Intel's earnings fell 35 percent compared to the 40 cents per share the company earned in the same period a year ago.

The company also reported sales of $9.7 billion, which beat analyst expectations of $9.4 billion. But revenues fell 5 percent from the $10.2 billion the company reported in the fourth quarter of 2005.

Intel said that it expects first-quarter '07 revenue between $8.7 billion and $9.3 billion, with a gross margin around 49 percent. For fiscal year 2007, it projects gross margins of 50 percent, plus or minus a few points.

"The stock is getting hurt because investors are disappointed by these gross margins," Doug Freedman, an analyst with American Technology Research, told CNNMoney. "They offered gross margin guidance well below where people were modeling, but I think they're just being cautious. They're in the early innings of restructuring and stabilization, and want to be sure they don't miss any numbers going forward."

The company has been locked in an intense chip-pricing battle with rival AMD (Charts), which last week issued a profit warning for the fourth quarter, sending its shares down nearly 10 percent while Intel's shares gained 1 percent that day.

The company's crucial gross margin reading dropped from 61.8 percent in fourth-quarter 2005 to 49.6 percent in the same quarter this year.

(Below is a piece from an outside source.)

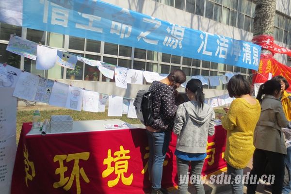 3月21日至23日集中展开世界水日活动展示,分校内宣传和校外宣传两部分。校内宣传中,志愿者们分别在中心校区和洪家楼校区开展节水宣传。活动中,志愿者们变废为宝,身着由废旧报纸、塑料制品等手工制作的环保服装进行展示。环保涂鸦作品也各具特色,同学们纷纷称赞,为自己中意的作品投下支持的一票。此外,同学们对LED电视的节水视频播放感到新奇,并从视频和有奖问答等环节中收获了不少日常的节水小窍门。校外宣传中,学院联合历下区水利局,在解放阁举办了主题为“节水护泉迎水日,清清泉水韵我心”的节水护泉宣传活动。志愿者们借助展板,为市民讲解有关世界水日的知识,让市民们了解设立“世界水日”的真正目的。展台上,志愿者们利用精心制作的小模型,现场演示了造成水资源污染的原因,把原本复杂的水污染过程变得通俗易懂。同时,活动现场进行了一些节水创意制作展示,如节水花盆等,赢得了很多市民的称赞。环保服装秀独具特色,也吸引了很多市民前来观看。此外,有奖问答和环保涂鸦处也是热闹非凡,活动以精美明信片和绿丝带作为奖品,吸引了更多人的加入。市民们则纷纷在纸上写下节水宣传标语并进行签名活动以表明大家参与节水爱水行动的决心。

"Our gross margin is 11 points lower this year compared to the fourth quarter last year, primarily because of a lower average selling price for chips," Intel's CEO Paul Otellini told analysts on a webcast. "We continue to bring spending down as a percentage of revenue and are on target to generate savings of $2 billion in 2007."

He said the numerous price changes that Intel made in 2006 were more a result of new production introductions than pressure from competition.

"On the earnings call, (CEO Paul) Otellini broke down the average selling prices by market and said they're seeing increases everywhere except in desktop chips," said Freedman. "The fact that the average selling prices are up is a really good sign - it suggests people are buying high-performance processors."

Another analyst said that the results showed Intel looking strong in the competition with AMD.

"When AMD pre-announced, the fear was that the price war was going to hurt both companies this quarter," said Raj Sharma, an analyst with Polestar Investment Research. "But we can see that Intel's gross margins have hung in. This quarter report tells me that its new products are working fine, and helping maintain margins. There is a price war, but AMD is losing, and it's Intel that's causing the pain."

He said that margin declines had been a big concern earlier in the year, but that was partly because Intel was selling its older chips cheaply in order to clear out inventory.

"Clearly management is executing. The big growth driver in 2007 is going to be new products, and I think the company looks great on that front," he said. "I wouldn't be surprised if stock prices reached the high 20s by the end of the year."

Intel's stock was last at $30 in February of 2004.

Stock-option expenses also contributed to Intel's weaker earnings result this quarter.

This year saw Intel reducing the prices of its older chips and introducing powerful new lines. Management also decided in September to eliminate more than 10,000 jobs.

Shares of Intel (Charts) rose 0.8 percent during Nasdaq trade Tuesday, but fell 4.1 percent in after-hours trading after the earnings release.